> Description of the task
Extract, exactly as written, each line from the start of the records below to the line containing "Slika 4. Smještaj", both ends included; drop the pictures.

[Stored dataset items]
● ● ● ● ●
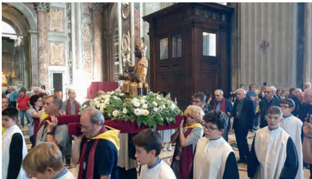
Membres de l'Hospitalitat de la Mare de Déu de Lourdes portant la Moreneta gironina

En arribar a l'altar de la Càtedra, el cardenal de Barcelona, Mons. Joan Josep Omella, recità l'oració pro Papa , es col·locà la imatge
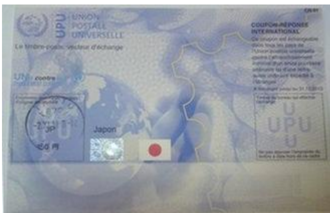
“Найроби”, 17.0.2009 – 31.12.2013.
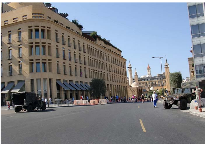
Bezeichnend für die ganze Strecke: hier bei km 41,8 links und rechts unsere Bewacher

Den Beirutmarathon muss man nicht unbedingt laufen, vor allem die sehr hohen Temperaturen machen das Laufen nicht gerade leichter.
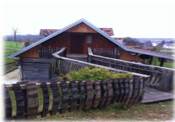
Slika 4. Smještaj na seoskom domaćinstvu Matezović

Na pitanje „Imate li usluge smještaja?“ vlasnik je odgovorio: „Da, za sada samo tri sobe. Planirao sam urediti još nekoliko soba i apartman, ali trenutno je preskupo.“
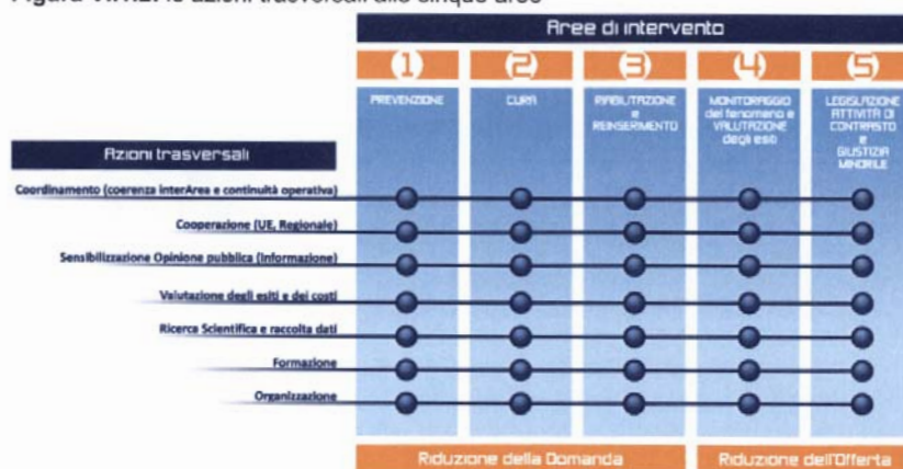
Figura VI.1.2: le azioni trasversali alle cinque aree

Così come contenuto nelle indicazioni europee, per ciascuna delle cinque aree sono previste una serie di azioni trasversali relative al coordinamento, alla cooperazione, alla sensibilizzazione dell'opinione pubblica, alla valutazione degli esiti e dei costi, alla ricerca scientifica e raccolta dei dati, alla formazione e all'organizzazione. Ognuna delle cinque aree di intervento prevede una serie di azioni trasversali relative al coordinamento, alla cooperazione, alla sensibilizzazione dell'opinione pubblica, alla valutazione degli esiti e dei costi, alla ricerca scientifica e raccolta dei dati, alla formazione e all'organizzazione, secondo lo schema seguente. Queste azioni trasversali rappresentano delle indicazioni di azione che andrebbero perseguite per ognuna delle aree di intervento al fine di migliorare l'efficacia generale del piano.
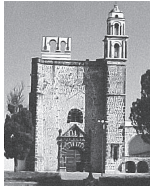
Fachada de la parroquia en Tochimilco, México.

Tochimilco, Huejotzingo y Calpan se ubican entre 18°43'11" y 19°09'27" de latitud norte, y entre 98°24'13" y 99°14'42" de longitud oeste aproximadamente, y se localizan a unos 50 kilómetros de la ciudad de Puebla, en la falda sureste del volcán Popocatepetl. En los dos primeros casos la edificación conventual se encuentra en el área central de la población, mientras que en Calpan se emplaza en las afueras del lugar. Actualmente, dichas estructuras arquitectónicas se usan por las comunidades, y están ligadas a la vida cotidiana de sus habitantes. Los aspectos social y religioso prevalecen como parte de una concepción amplia del patrimonio y no sólo del valor histórico o monumental.
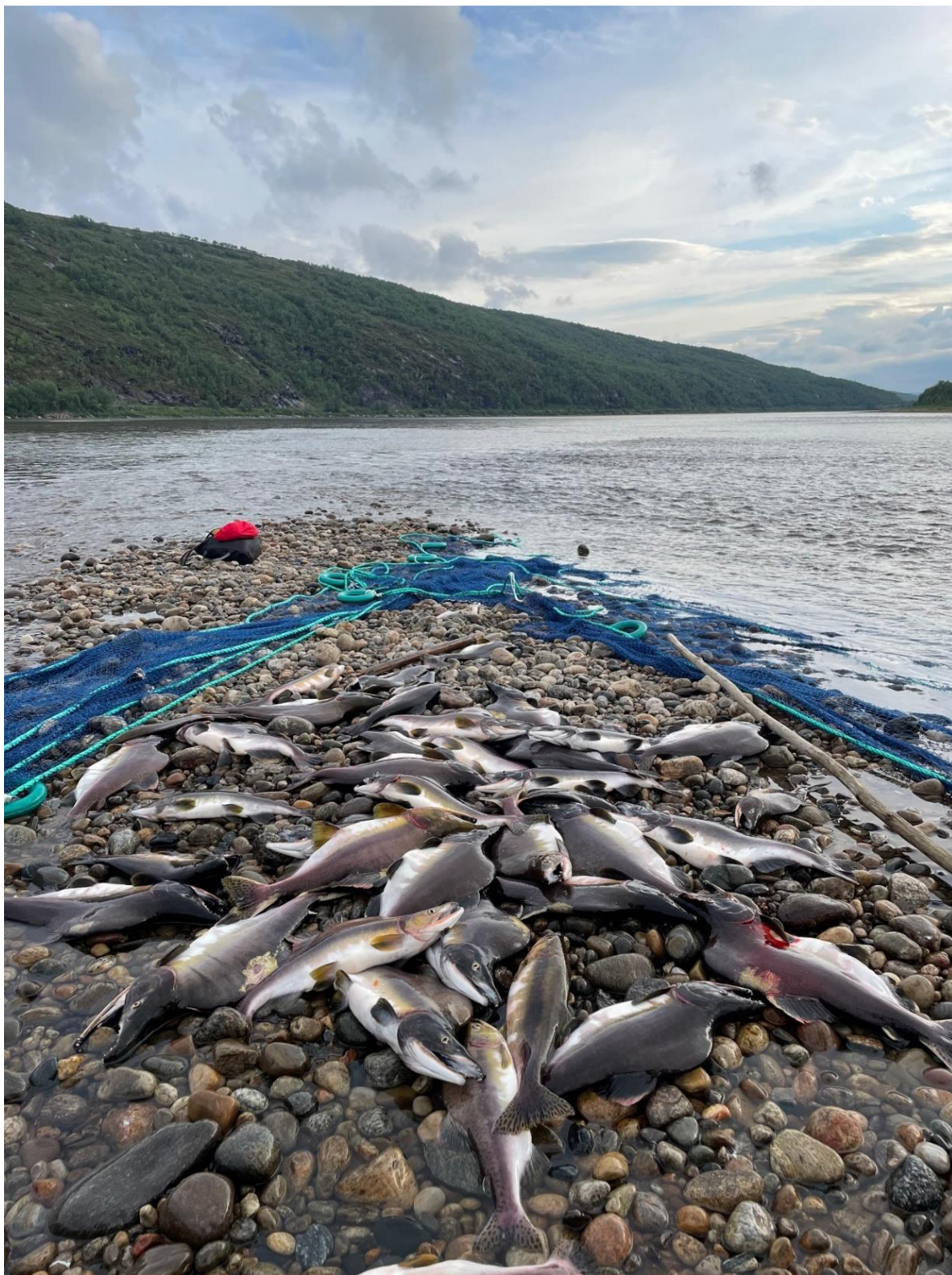
Figur 8. Notfiskefangst i Tana ovenfor Vetsikko. Notkastet ble foretatt på et grunt steinete område, hvor pukcellaks typisk samles i slutten av juli og begynnelsen av august, når gyte-sesongen nærmer seg.
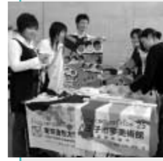
フラッグギャラリーの準備も着々と(東京造形大で)

今年で3回目を迎えるフラッグギャラリープロジェクト。11月17日まで、東京造形大学の学生がデザイン・製作した40種類のフラッグが西放線線「ロード」を飾ります。学生の作品を発表したい
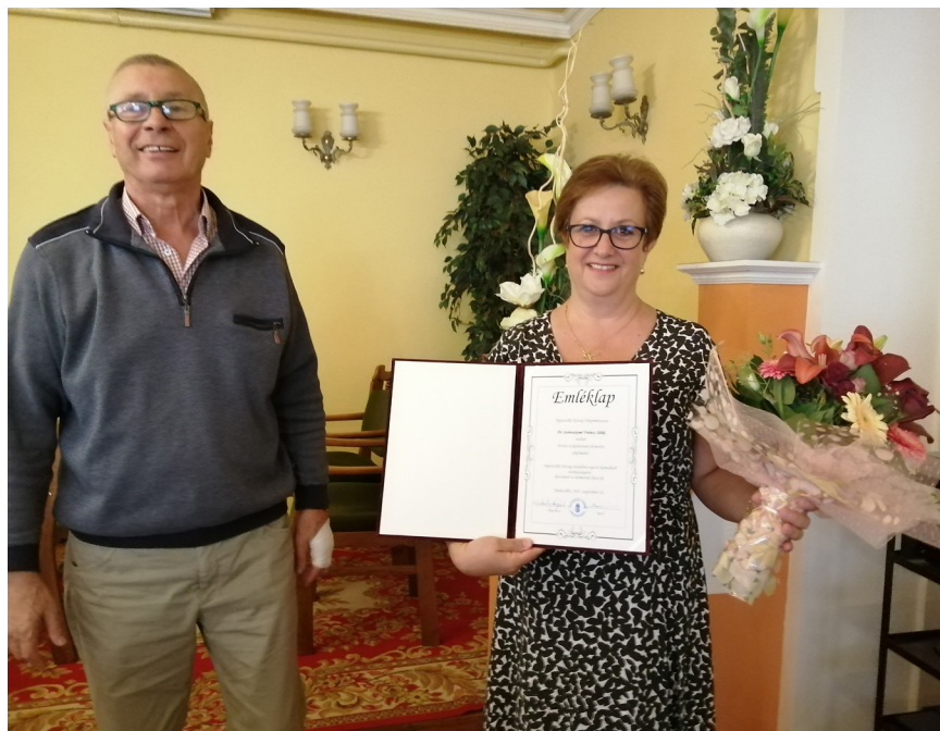
Védőnői pálya - 30 éves jubileuma
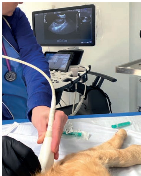
RYC. 3.16 Biopsja aspiracyjna cienkoigłowa pod kontrolą USG.

W planowaniu zabiegów onkologicznych istotne jest poznanie charakteru zmiany, która ma zostać usunięta, w celu określenia marginesów (zakres zdrowych tkanek dookoła miejsca objętego nowotworzeniem; złośliwe nowotwory wymagają usunięcia większej ilości tkanki) oraz oceny konieczności farmakologicznego przygotowania pacjenta. Biopsję cienkoigłową przeprowadza się za pomocą igły iniekcyjnej, do światła której wprowadzane są komórki zmiany przez wielokrotne jej nakłuwanie (ryc. 3.16). Biopsja może być
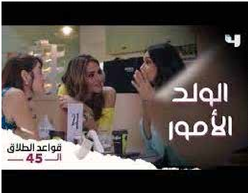
الشكل رقم ( 4 ) يوضح قيمة التحرر
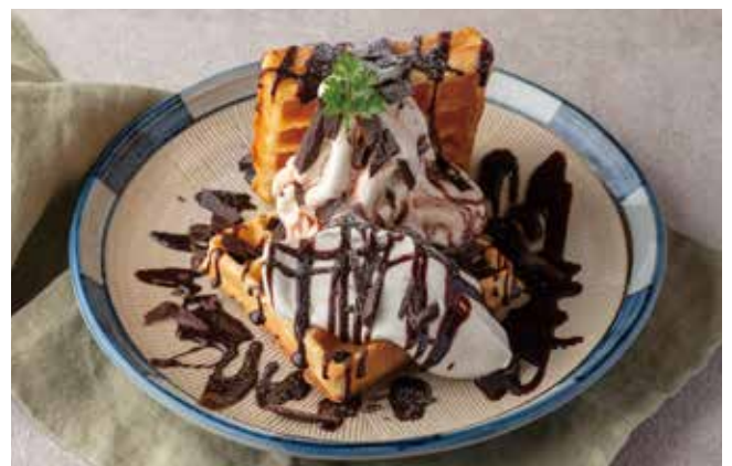
チョコレートワッフル 950[税込] chocolate waffle

たっぷりのレモンと養蜂園の蜂蜜をコトコト煮込んで スッキリまろやかな味わいに仕上げました。 ワッフルと一緒に楽しみください
● ● ● ● ●
> Solution below
Membres de l'Hospitalitat de la Mare de Déu de Lourdes portant la Moreneta gironina

En arribar a l'altar de la Càtedra, el cardenal de Barcelona, Mons. Joan Josep Omella, recità l'oració pro Papa , es col·locà la imatge
“Найроби”, 17.0.2009 – 31.12.2013.
Bezeichnend für die ganze Strecke: hier bei km 41,8 links und rechts unsere Bewacher

Den Beirutmarathon muss man nicht unbedingt laufen, vor allem die sehr hohen Temperaturen machen das Laufen nicht gerade leichter.
Slika 4. Smještaj na seoskom domaćinstvu Matezović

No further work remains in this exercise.